Hanging paragraph

Editor note: This is a hanging paragraph and it must be moved to its own clause The Handover mechanism refers to the process of transferring control of a device or service from one MEC/oneM2M instance to another, ensuring seamless connectivity and service continuity. There three main scenarios where handover is essential: - Optimizing the connection of wireless IoT devices as they move geographically, ensuring they remain connected to the most appropriate edge node. - Maintenance of services or servers that need to be migrated between MEC/oneM2M instances due to load balancing, resource optimization, or fault tolerance. - Emergency scenarios where rapid handover is required to maintain service continuity during network disruptions or failures, such as a failure of an edge node or a sudden surge in demand.

This process, illustrated in Figure 6.3.1, is critical when devices move between different edge nodes or when services must be migrated to maintain low latency, reliability, and high availability.

Fig 6.3.1 IoT device handover Depending on system design and device capability, handover control can follow one of two approaches:

• Device-controlled handover: The device itself detects conditions that trigger a handover (e.g., deteriorating radio quality, mobility, policy changes). It initiates discovery, re-registration, and session updates with the target MEC/oneM2M instance. This approach offers autonomy but assumes the device has sufficient resources to evaluate conditions, make decisions, and handle signaling.

• Network-controlled handover: The MEC/oneM2M infrastructure (e.g., MN-CSEs or gateways) monitors device connectivity and system load, then initiates or enforces a handover. The device simply follows the instructions (e.g., re-register to a new MN-CSE) without needing complex logic or extensive signaling capability. This approach could be suitable for constrained IoT devices with limited processing or decision-making capacity.
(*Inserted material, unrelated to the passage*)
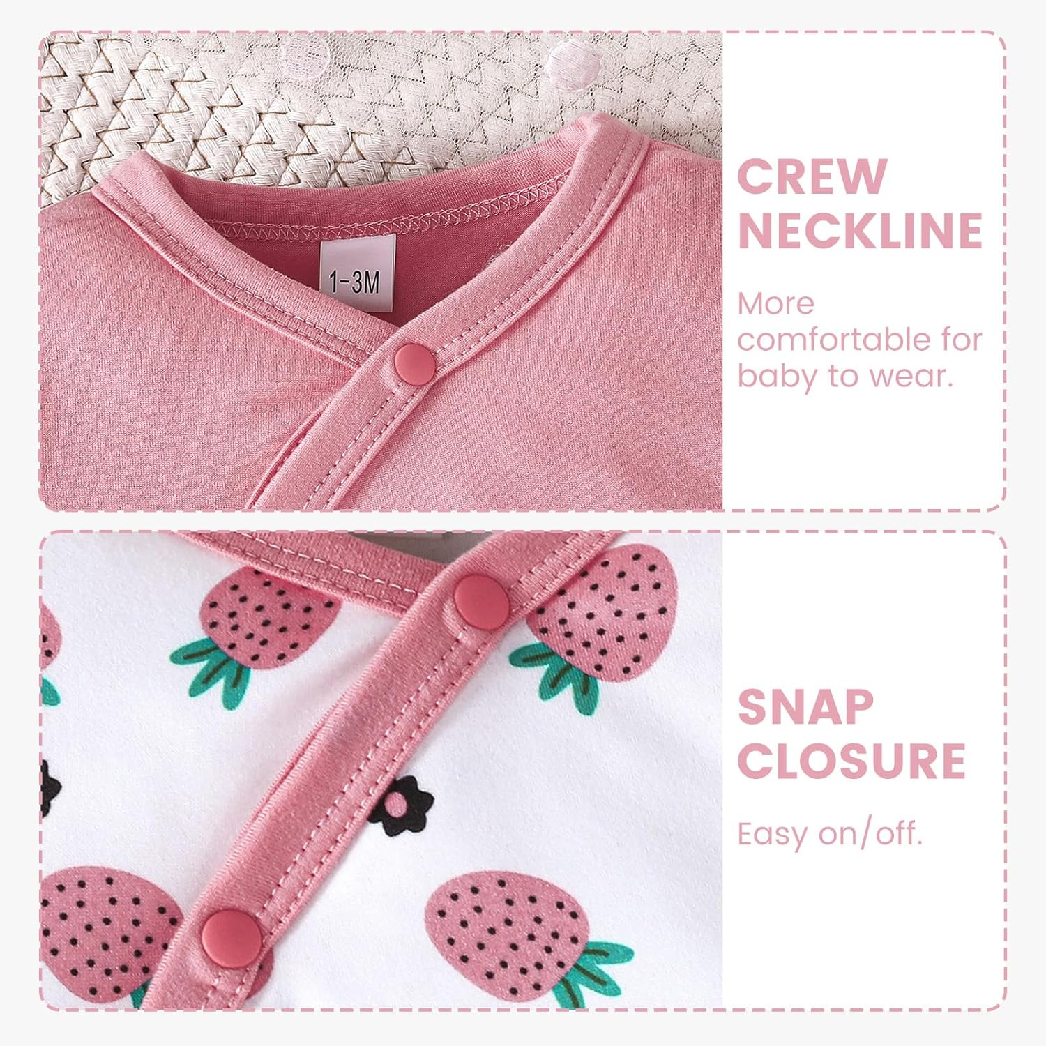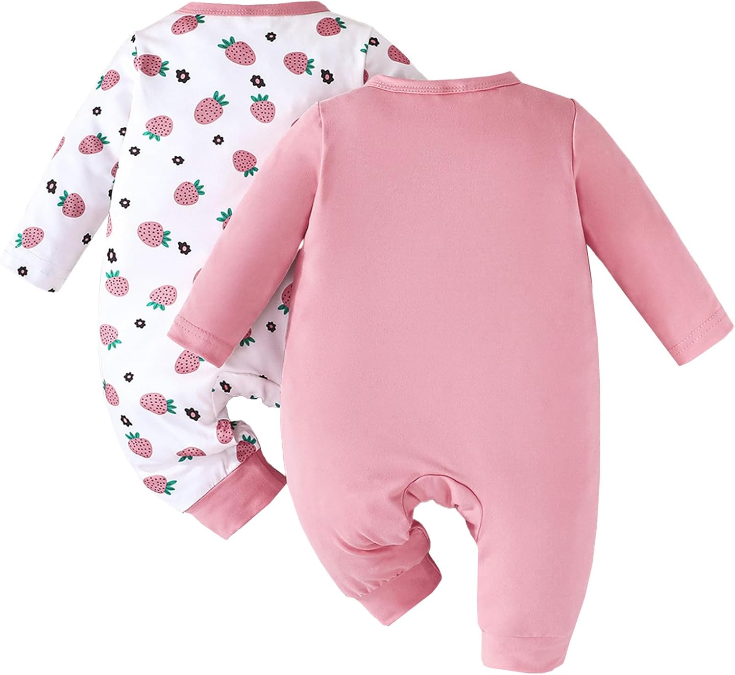 JiAmy 2Pcs Baby Pyjama, Boys Girls Long Sleeve Romper, Slanting Snap Button Snowsuit, Cotton Onesie Jumpsuit for Infant 0-12 Months

In practice, the chosen strategy should balance device capability, network intelligence, and the requirements of the application domain. For resource-constrained IoT devices, offloading decision-making to the MEC/oneM2M layer may reduce device complexity and power usage, while device-controlled handovers may provide faster reaction times and greater autonomy in heterogeneous deployments. To design an effective handover mechanism, the following high-level considerations should be addressed:

• Identity & Security: The device must maintain a consistent identity across MEC/oneM2M instances, with fast and secure re-authentication (e.g., token-based methods). Security credentials and keys should be managed automatically to ensure a smooth transition.
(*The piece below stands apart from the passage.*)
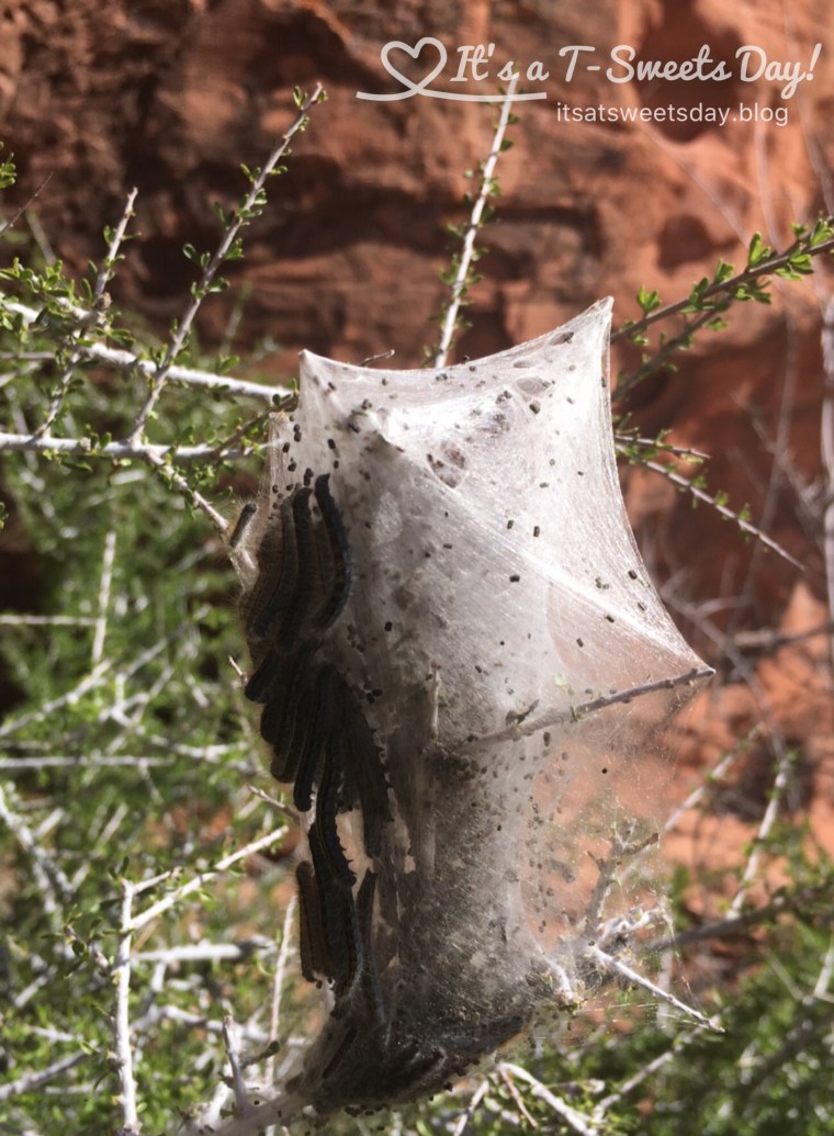 Those red sand stone rocks were beautiful!! We even spotted a caterpillar nest! I wonder what kind of moth or butterfly they will be?

• Session & State Continuity: Handover must preserve session continuity and data consistency. This includes mechanisms for state replication (buffers, acknowledgments, sequence numbers), subscription reinstatement, downlink catch-up, and, where possible, context transfer of QoS or profiles between gateways.
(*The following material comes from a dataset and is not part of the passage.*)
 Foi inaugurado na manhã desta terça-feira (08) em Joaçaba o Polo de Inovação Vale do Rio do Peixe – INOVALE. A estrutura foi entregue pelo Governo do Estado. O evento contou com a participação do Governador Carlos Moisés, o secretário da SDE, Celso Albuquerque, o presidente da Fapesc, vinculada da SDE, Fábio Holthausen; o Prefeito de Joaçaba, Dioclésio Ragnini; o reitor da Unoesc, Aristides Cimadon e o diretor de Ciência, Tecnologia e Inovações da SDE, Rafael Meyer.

• Performance & Latency: Interruptions must be minimized with well-defined handover budgets (e.g., ≤200 ms for critical telemetry). Local buffering, ordering policies, duplicate suppression, and time synchronization help maintain low latency and reliable delivery.

• Network Awareness & Adaptation: The mechanism should leverage network conditions such as bandwidth, signal strength, and congestion when selecting target gateways. Neighbour awareness, proactive discovery, and policy-based triggers (RSSI/SNR thresholds, cost/latency trade-offs) are key to ensuring optimal handover decisions. Admission control policies must also be considered, allowing gateways to accept or defer connections gracefully.

• Monitoring & Reliability: System reliability depends on the ability to measure and manage handovers. KPIs such as attach/authentication time, packet loss, and latency deltas should be tracked. Tracing, alarms for frequent or failed handovers, and robust retry/backoff logic ensure stability and resilience.

• Device Constraints & Efficiency: IoT devices, often resource- or power-constrained, require lightweight solutions. Gateway-local registrations can reduce complexity, while power-aware scanning and cached neighbour reports minimize RF cost. Feature negotiation and versioned message contracts further improve compatibility and efficiency across heterogeneous deployments.

These considerations will be further analyzed in oneM2M and ETSI MEC.